Task requirements:
Among the entries below, retype exactly the lines starting with the one with "La pollution de" and going on through the one with "В 1735 году", but not the pictures.

Given records:
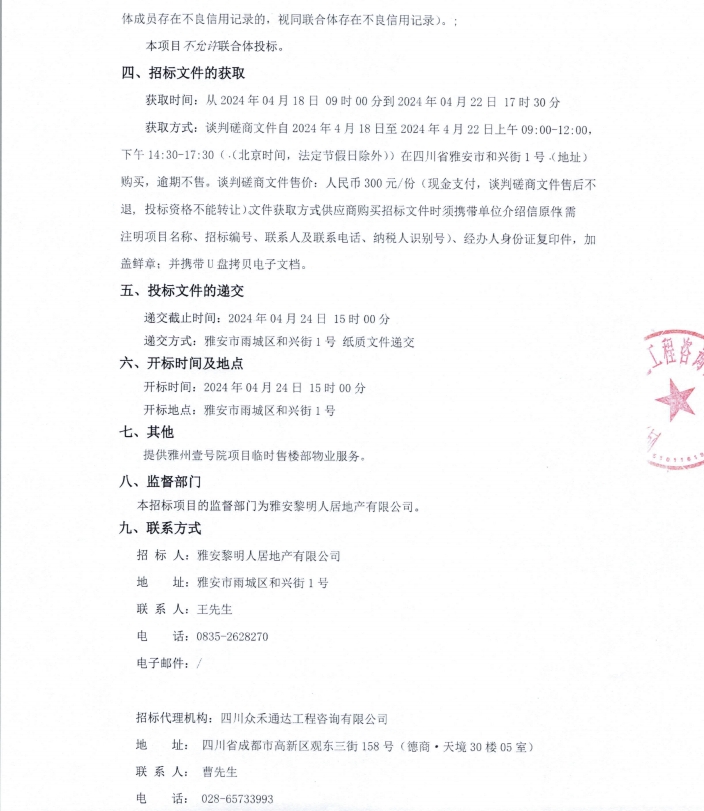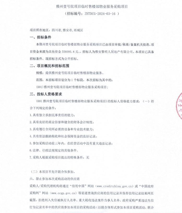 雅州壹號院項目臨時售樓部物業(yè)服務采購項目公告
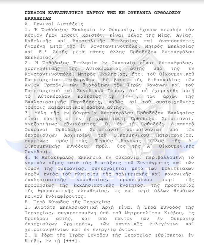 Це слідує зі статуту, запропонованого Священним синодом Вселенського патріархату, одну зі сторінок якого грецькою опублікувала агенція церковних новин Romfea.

* * *

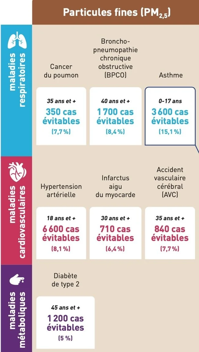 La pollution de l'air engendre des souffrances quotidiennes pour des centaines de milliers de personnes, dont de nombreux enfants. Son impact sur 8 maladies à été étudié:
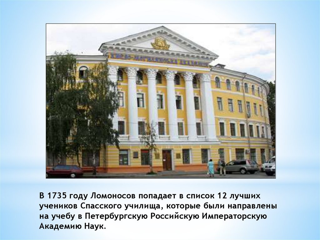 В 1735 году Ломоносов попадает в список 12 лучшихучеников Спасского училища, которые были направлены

Solution to the problem:
 La pollution de l'air engendre des souffrances quotidiennes pour des centaines de milliers de personnes, dont de nombreux enfants. Son impact sur 8 maladies à été étudié:
 В 1735 году Ломоносов попадает в список 12 лучшихучеников Спасского училища, которые были направлены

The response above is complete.